The Explore UAE Offroad Guide has some routes that can be adapted into suitable there and back trips. These can be a good way to start exploring areas.
There is also excellent mountain biking to be found in the Hatta area and around and about Ras Al Khaimah (particularly off to the sides of the Dibba road)
As with most outdoor activities ‘the season’ is the 8 months between October and May but mountain biking is also one that happens all year round because of modern mountain bike specific high powered LED or HID lights enabling the same kind of riding that is done in daylight to happen at night when its cooler.
The first time
Because there is nothing really in the way of commercial courses or experienced on offer you’re going to have to take the initiative yourself. My recommendation would be to beg, borrow, rent or buy a mountain bike with a helmet and some gloves, grab hold of a copy of the Explore UAE Off Roading Guide, fill a bag with plenty (2 to 3) litres of water, a suitable bike pump, 2 spare inner tubes, a puncture repair kit and a multi tool, pick a route that seems suitable and head off. Set your sights low to start off with. Mountain biking is very physical, both for the legs and the upper body, along with this the environment is tough too, the heat will suck up your energy. As you get bike fit and used to the heat you’ll know how much you can cope with.
What do I need?
It’s obvious with mountain biking that sooner rather than later you’re going to need a bike! My recommendations are to go burley all mountain rather than cross country racing snake. The environment here is brutal on kit with the rocks trying to tear everything apart. You are going to need fat tyres (2.3 at least) with tough sidewalls to avoid sinking in to the soft stuff in the wadi beds and to avoid them getting ripped apart by the razor sharp rocks. Make sure your frame will cope with the wider tyres.

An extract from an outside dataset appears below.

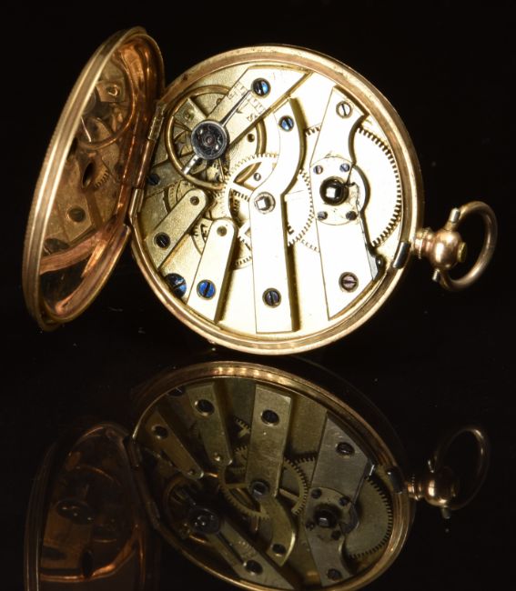 Unnamed 14ct gold open faced pocket watch with blued hands, black Roman numerals, engraved gold dial and case and unsigned movement, case diameter 34mm, serial number 98836, 24.6g.

Along with a study bike you are going to need to plan to be self sufficient on the trails as there will not be many folks around to help. Tubeless tyres with sealant are a good idea to reduce puncture stops, a pack with a 3 litre water bladder I would consider essential, 2 sturdy style inner tubes, a decent working bike pump, a multi tool and a headtorch. I also carry a lightweight first aid kit. It has no “there there” plasters or the like, its orientated towards stopping significant bleeding and supporting injured limbs.

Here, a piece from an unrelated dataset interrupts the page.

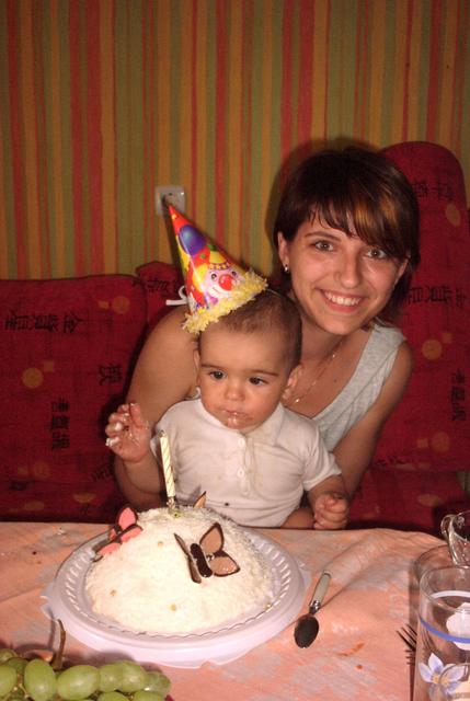 На столе только фрукты, овощи, ну вообщем все что можно малышу! Купили торт с бабочками, одна свечка музыкальная (Вовке очень понравилось). В торт естественно сразу же залез руками, ну очень смешно!

You’ll be looking at bike lights suitable for riding technical trails at night quite quickly too. I suggest a minimum 500 lumen bar mounted lamp with a wide spread of light and a helmet mounted light with a focused 100+ lumens.
Knowledge = Safety
Out on the trails here there will be just you and the people you are with to solve any problems should they occur. You need to have with you (in the group) the knowledge of what kind of problems are likely in the first place, some viable solutions to those problems and the ability to action those solutions. I know it sounds daft and obvious but you’d be surprised how many people don’t know how to mend a puncture before they find themselves with one on the side of a trail in the middle of no where. Other common problems are ripped off rear mechs, broken chains, brutally buckled wheels and badly cut up riders (the only place to fall off is into the rocks here!).
There are no maps so get and learn how to use a GPS so at least you know how to get back to your car should you need to. Lastly don’t underestimate how much water you are going to plough through.
Ian is an active climber, kayaker and mountain biker and is a qualified outdoor instructor.